Parmi ces jeunes, qui m’ont écrit, Carletto, le fasciste incertain, Sarino, le marxiste terroriste, Filippo est peut-être le pire, parce que c’est l’adolescent moyen, qui s’attribue lui-même le rôle de défenseur des valeurs consacrées, croyant ainsi accomplir un geste courageux de « croisé » alors qu’en réalité, il accomplit un geste de pur conformisme. Ce n’est pas un méchant garçon ; et tout cela, il l’a fait de bonne foi. Je redoute cependant que même s’il devait se repentir et abandonner l’autoritarisme pour la social-démocratie, il ne deviendrait jamais un champion de courage. (Pour ce qui me concerne, je ne fais, après tout, que répéter que « les moralistes sont toujours mal informés » : avant d’écrire cette lettre, Filippo avait le devoir, conventionnel, traditionnel, de s’informer à propos de mon œuvre : à tout le moins sur mes essais consacrés à Ungaretti et à Montale).

References

References
1 Aviamento al lavoro: organisme de placement professionel aujourd’hui disparu sous ce nom
2 Carlo Delcroix (1896-1977): héros italien de la première guerre mondiale au cous de laquelle il perdit ses deux mains.
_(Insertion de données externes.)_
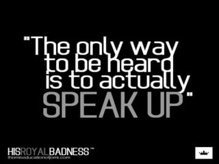 Public speaking involves addressing a large audience formally on a topic of general interest. It lacks the feedback and spontaneity of face-to-face communication due to the physical and psychological distance between the speaker and audience. Effective public speaking requires preparation including knowing the audience, choosing a topic, determining the purpose, collecting supporting materials, outlining the speech, and writing and practicing the delivery. Proper use of body language like posture, gestures, facial expressions and eye contact is important to complement the message during a public speaking presentation.
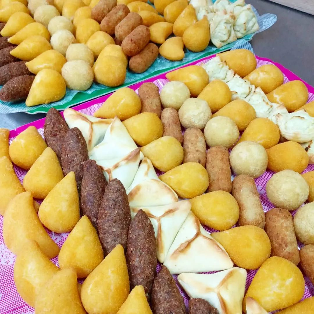 Aprecie 40 coxinhas, 30 kibes, 30 croquete de calabresa, 30 risoles misto, 20 bolivianos.
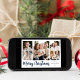 Tarjeta fotográfica de vacaciones moderna con 5 fotos favoritas dispuestas en forma de collage. El saludo de su personalizado aparece en un guión elegante de la marina con el nombre de su familia y el año mostrado a la derecha. La tarjeta se invierte para mostrar un patrón de copos de nieve blanco y de marina.
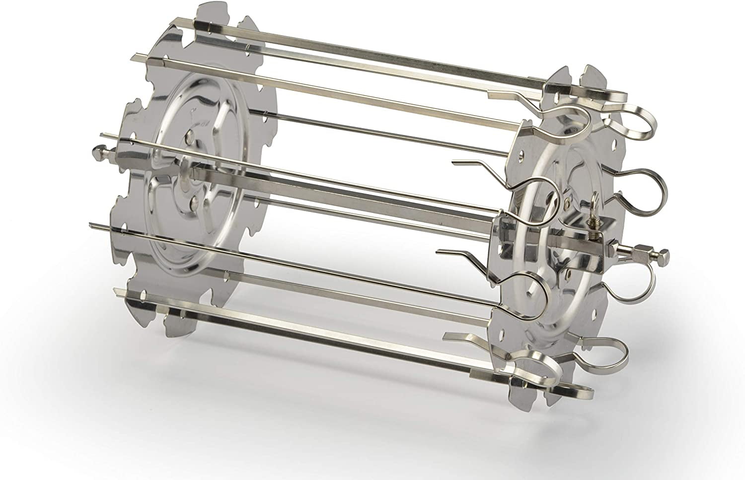 The Toastmaster 11.6 qt air fryer is a healthier way to fry without using oil. The rapid air technology circulates the heat to lightly cook fries, meats, vegetables, and other snacks. The air fryer features an integrated safety mechanism to automatically switch off when the door is opened. Adjustable temperature controls allow a variety of foods to be prepared in a fraction of the time. The air fryer includes 8 preset cooking temperature/time options, so preparing meals is no longer a guessing game. Use the included accessories to air fry or dehydrate foods on the 3 crisping racks, roast a whole chicken on the rotisserie spit, or make shrimp kabobs with the metal skewers. Then, without the use of oil, clean-up is much simpler than cleaning a traditional fryer, simply remove the drip tray and wipe the unit clean.
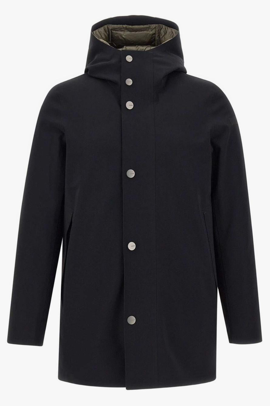 Proposto in nero, presenta cappuccio integrato, chiusura frontale con bottoni a pressione e tasche a filetto, per un look pulito ed essenziale. Il taglio moderno e i materiali performanti riflettono la cura sartoriale e la tecnologia esclusiva di RRD, ideale per affrontare la stagione fredda con stile.
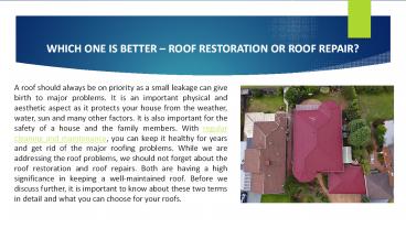 WHICH ONE IS BETTER – ROOF RESTORATION OR ROOF REPAIR? PowerPoint PPT Presentation
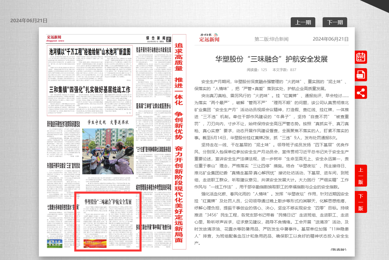 《滁州日报-定远新闻》6月21日二版:华塑股份“三味融合”护航安全发展
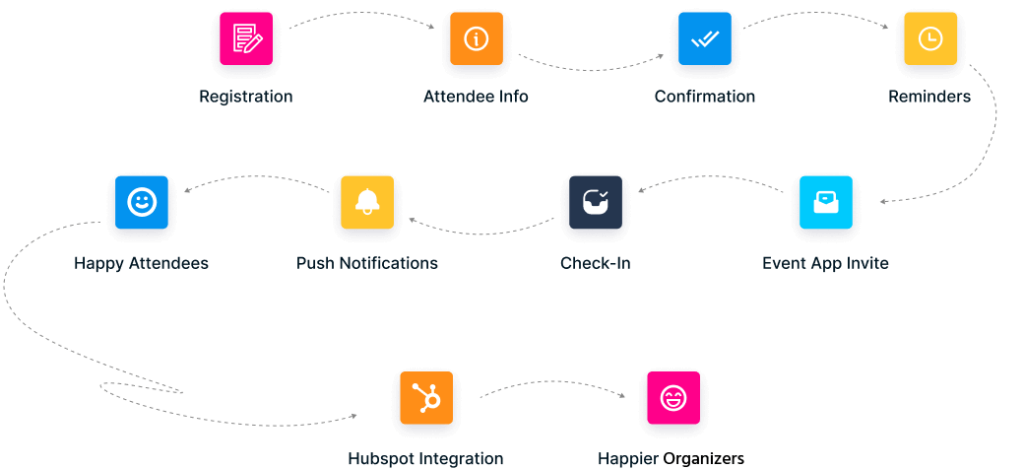 - HubSpot Integration for Marketing Automation: Synced attendee data in real time to enable targeted campaign execution, performance tracking, and personalized post-event follow-ups.
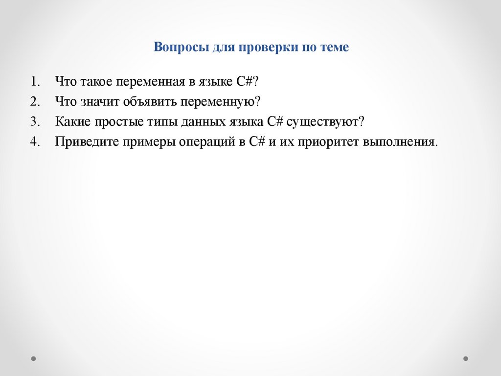 Вопросы для проверки по теме1.
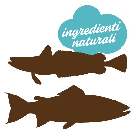 Nasello: carni e derivati*, pesci e sottoprodotti dei pesci* (4% nasello), sottoprodotti di origine vegetale* (0,4% inulina da cicoria), sostanze minerali. Additivi/kg: Additivi nutrizionali: vit. D3 200 U.I., vit. E 100 U.I., biotina 100 μg, taurina 100 mg, Zn (solfato di zinco monoidrato) 20 mg, Mn (solfato manganoso monoidrato) 3 mg. Salmone: carni e derivati*, pesci e sottoprodotti dei pesci* (4% salmone), sottoprodotti di origine vegetale* (0,4% inulina da cicoria), sostanze minerali. Additivi/kg: Additivi nutrizionali: vit. E 100 U.I., biotina 100 μg, taurina 100 mg, Zn (solfato di zinco monoidrato) 20 mg, Mn (solfato manganoso monoidrato) 3 mg
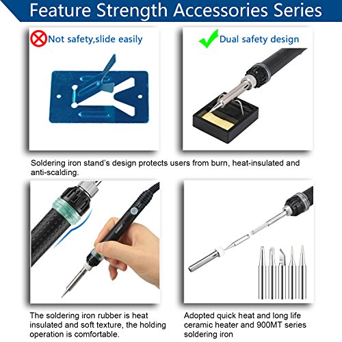 - ✔【Simple packaging for beginners】 - Soldering iron kit comes with soldering iron, desoldering pump, 5 multiple soldering tips, soldering iron stand. A simple collocation for beginner.
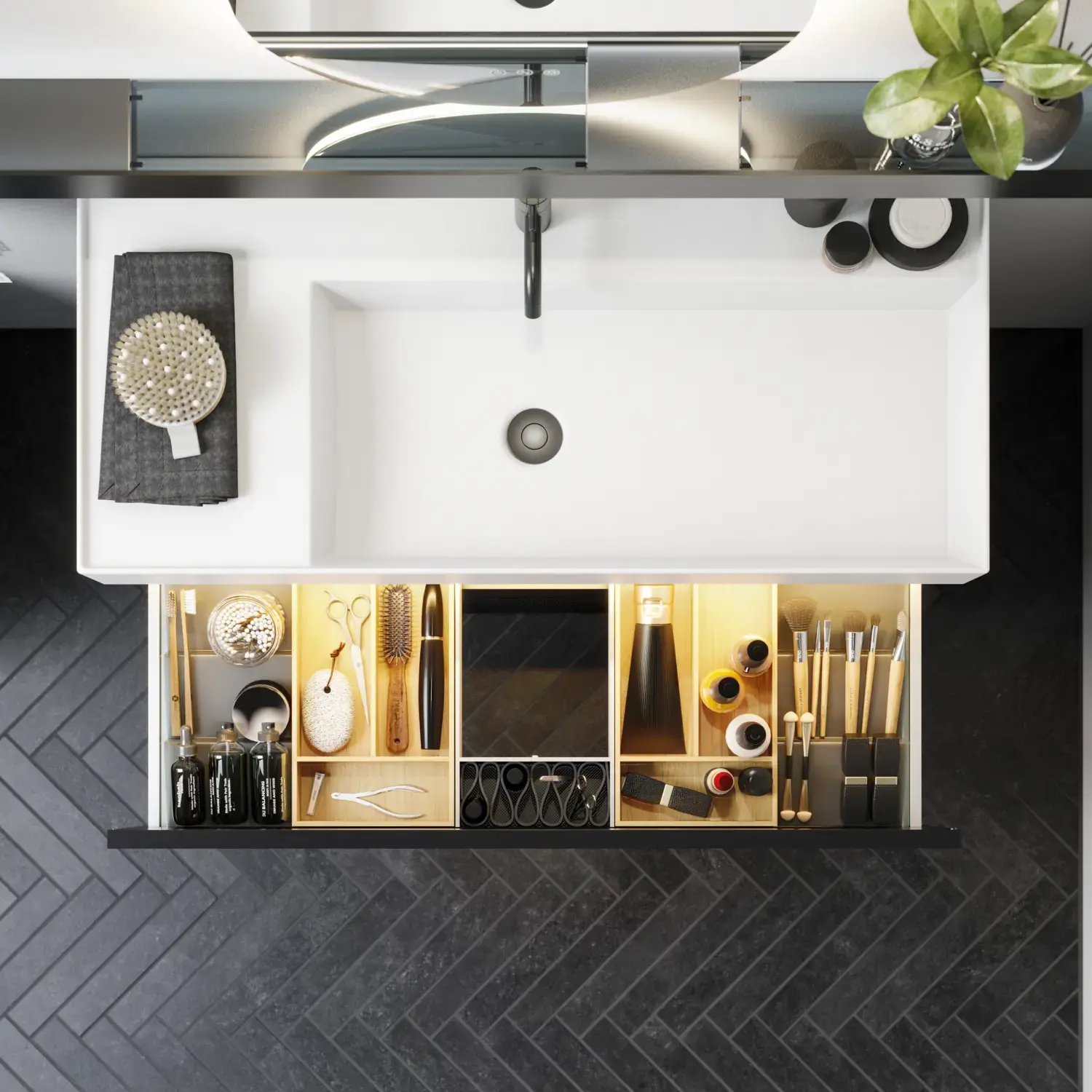 If the toilet gets in the way of the drawer pull-out, you can combine drawers in an elegant, lightweight design with open storage space for, for example, towels or laundry.

Il sera ensuite un député fasciste, hostile à l’alliance avec l’Allemagne. Il fut en outre un intellectuel et un romancier d’inspiration fasciste
3 Carletto écrit «indov’è la luce» (dialectisme en lieu et place de l’italien «dove è la luce».
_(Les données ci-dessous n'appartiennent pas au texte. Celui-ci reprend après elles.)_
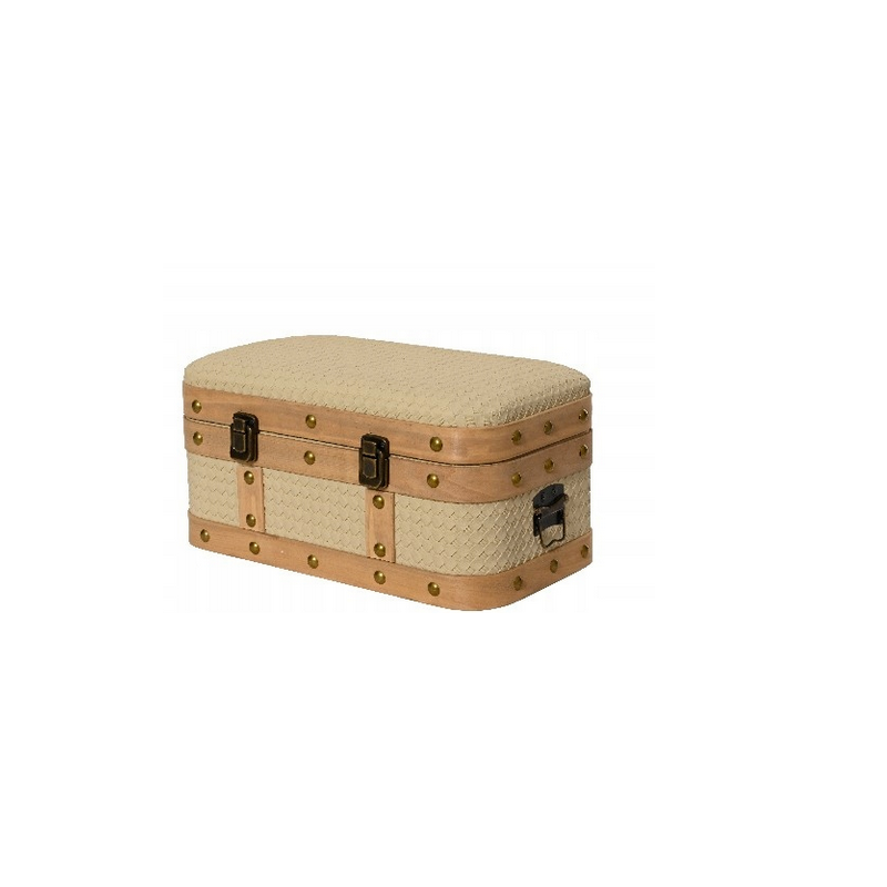 Dekoracja /ozdoba skrzynia z MDF obita eko materiałem w kolorze kremowym, renomowanej niemieckiej firmy Kaemingk.
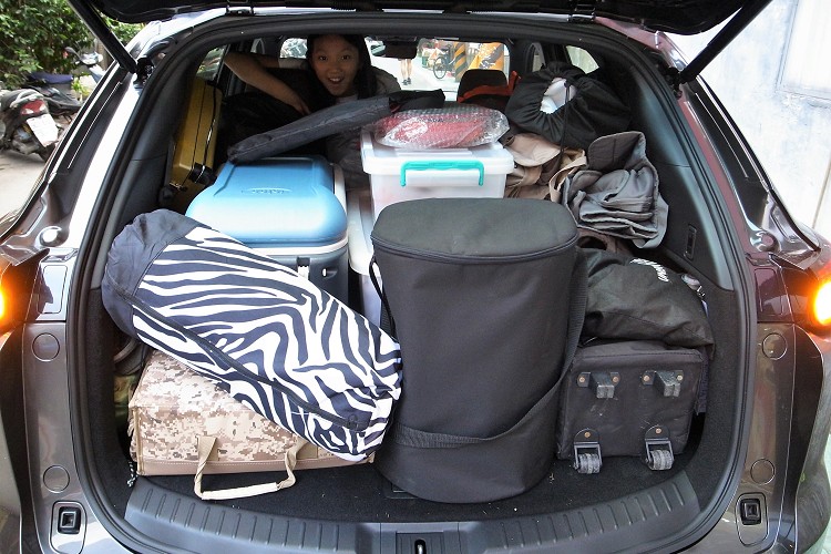 兩天半的露營用品相當可觀,以我的經驗來看,所需帳篷、桌子、廚桌、三張椅子、冰箱、外地墊、內地墊、充氣床、雜貨箱、客廳帳等,用X1來做基準,4/2/4分離座椅只留下4給女兒坐,這些東西可剛好塞滿,緊繃到無法再放入其它物品。為傾倒後座椅背下,X1擁有420公升至物容積,這數據變成我看後行李廂的標準。
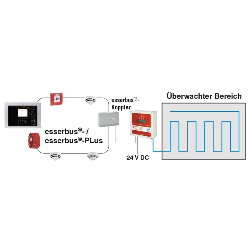 Die Anschaltung an die BMZ erfolgt über den esserbus®-Alarmierungskoppler (Artikelnummer 808623). Die Überwachung der Sensorleitung erfolgt durch das Abschlußmodul (Artikelnummer 762292).
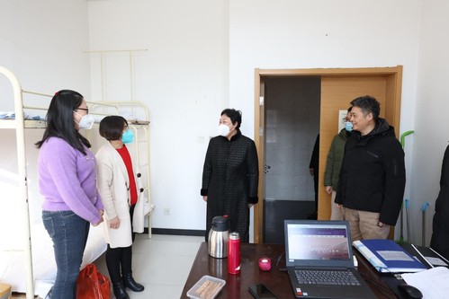 沈江书记一行先后走访了学校值班室、消防站、兰缘食堂、A区设备站、北苑留学生公寓等地。每到一处,校领导都与值班人员亲切握手交谈,详细了解节日期间工作安排、应急值守等情况,并送上节日的问候,对大家舍小家、顾大家,坚守工作岗位的奉献精神表示感谢。

4 Nuovi argumenti: importznte revue littéraire italienne fondée en 1953 par Alberto Carocci et Alberto Moravia. Attilio Bertolucci, Enzo Siciliano, Pier Paolo Pasolini, puisLeonardo Sciascia, furent très vite intégrés à la rédaction. Ce titre a longtemps occupé une position centrale dans le débat littéraire.
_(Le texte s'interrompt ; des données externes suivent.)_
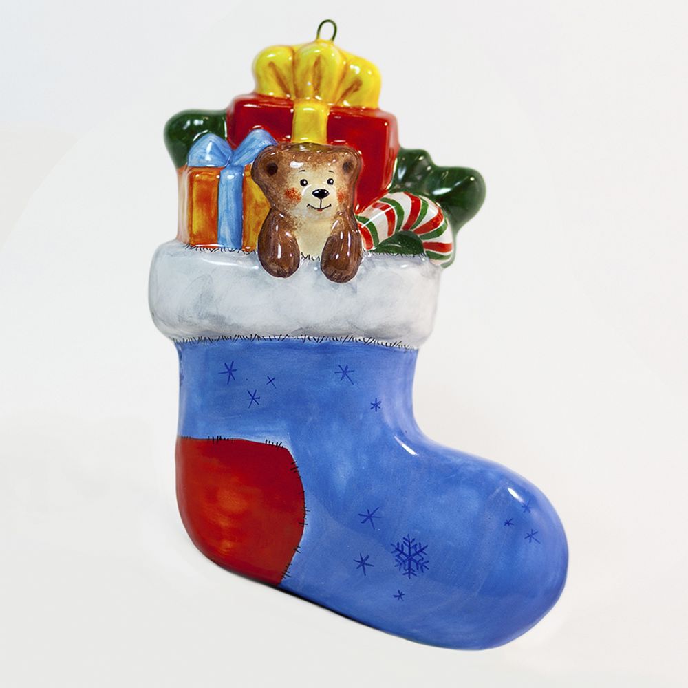 Эксклюзивное изделие ручной работы представляет собой плоский подвес с рельефной фигуркой разноцветного новогоднего носка с яркими подарками, игрушками и сладостями. Такая елочная игрушка будет замечательно смотреться, как на самой новогодней ели, так и в гирляндах, украшающих двери, лестницы, и, конечно в праздничных композициях, также будет прекрасным подарком к Новому году и Рождеству, принесёт радость, создаст настроение.

5 Hermétisme: courant poétique italien de l’edntre-deux guerres, aux contours mal définis, plus qu’une véritable école. Florence en a été l’épicentre. Un refus de toute confrontation, de tout compromis avec l’histoire le singularise. Le nom avec lequel on le désigne évoque l’obscurité relative de ses tenants, si typique de la poésie du XXème siècle. Ungaretti, Quasimodo et Montale en sont considérés comme les chefs de file.
6 Le régime fasciste reléguait (a confino, confinare) les plus en vue de ses opposants politiques dans des lieux isolés (assignations à résidence): dans des îles comme Ventotene (Latium), par exemple.